İstanbul'da alafranga kahveci denilen Türk kahve dükkanların sayısının binin üzerine çıktığını kaydeden Serim, "Buralarda ortalama 4-5 baristanın çalıştığını düşünürsek yaklaşık 5 bin ailenin evine bu sayede ekmek giriyor. Kahve, kültürel olmasının yanı sıra büyük bir ekonomik değere sahip. Bugün dünyada ticari mal olarak kahve, petrolden sonra ikinci sırada yer alıyor." ifadelerini kullandı.

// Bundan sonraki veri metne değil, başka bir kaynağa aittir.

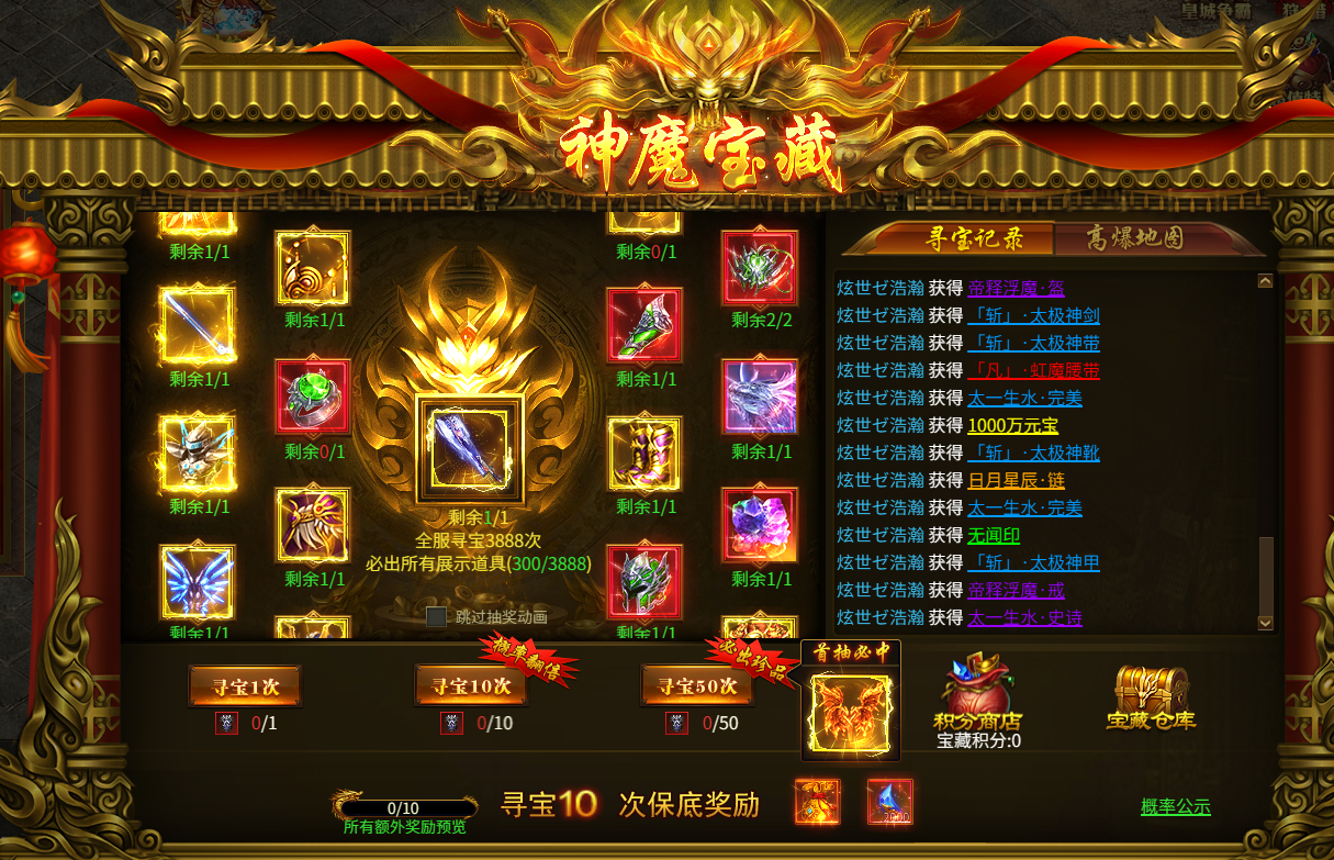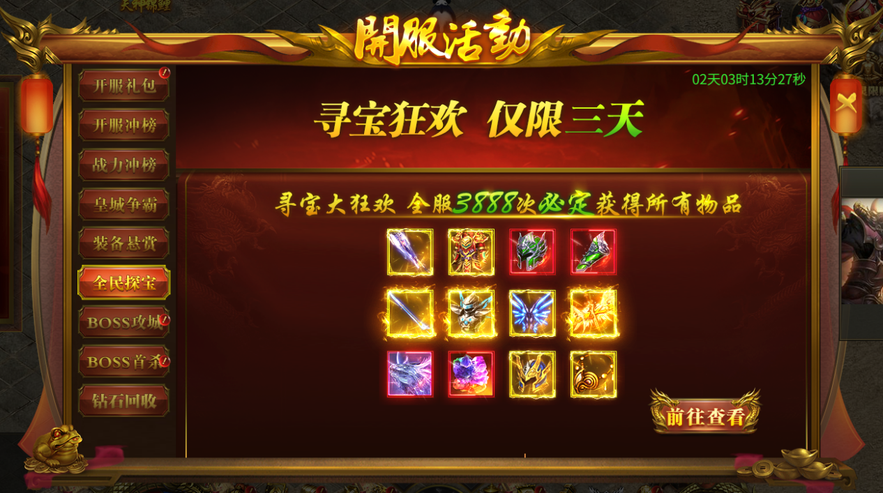 活动内容:开服第三天开启,每次寻宝都奖励,寻宝10次可获得保底奖励。

Kahve çekirdeği üretimi olmamasına rağmen İtalya'nın dünyada kahve gelirinde en büyük paya sahip olduğuna değinen Serim, şunları kaydetti:
"İtalya'da tek bir kahve ağacı bulunmaz. Varsa da sera altında yetişebilir. Dünyada en fazla kahveyi Brezilya ve Kolombiya üretiyor ancak en fazla geliri açık ara İtalya elde ediyor. Kendi kahve markaları üzerinden çok yüksek bir katma değer yaratıyorlar. Bunun yanı sıra İtalya, yılda 1 milyonun üzerinde espresso makinesi üretiyor ve bunun yüzde 90'ını ihraç ediyor. Ayrıca dünyada her üretilen kahvenin 5'te 1’inin İtalyan pişirme yöntemi ile tüketildiği biliniyor. Her cezve yöntemi ile pişirilen Türk kahvesine karşılık 40 adet espresso tüketiliyor. Son yıllarda Türk sanayisi de yüksek kalitede Türk kahve makineleri üretmeye başladı. Hatta bu makineler, Türk kahvesini kurtardı diyebiliriz. Türk kahvesi önümüzdeki yıllarda dünyada daha da yaygın olmaya başlayacak ve ciddi bir ekonomik değer yaratacak."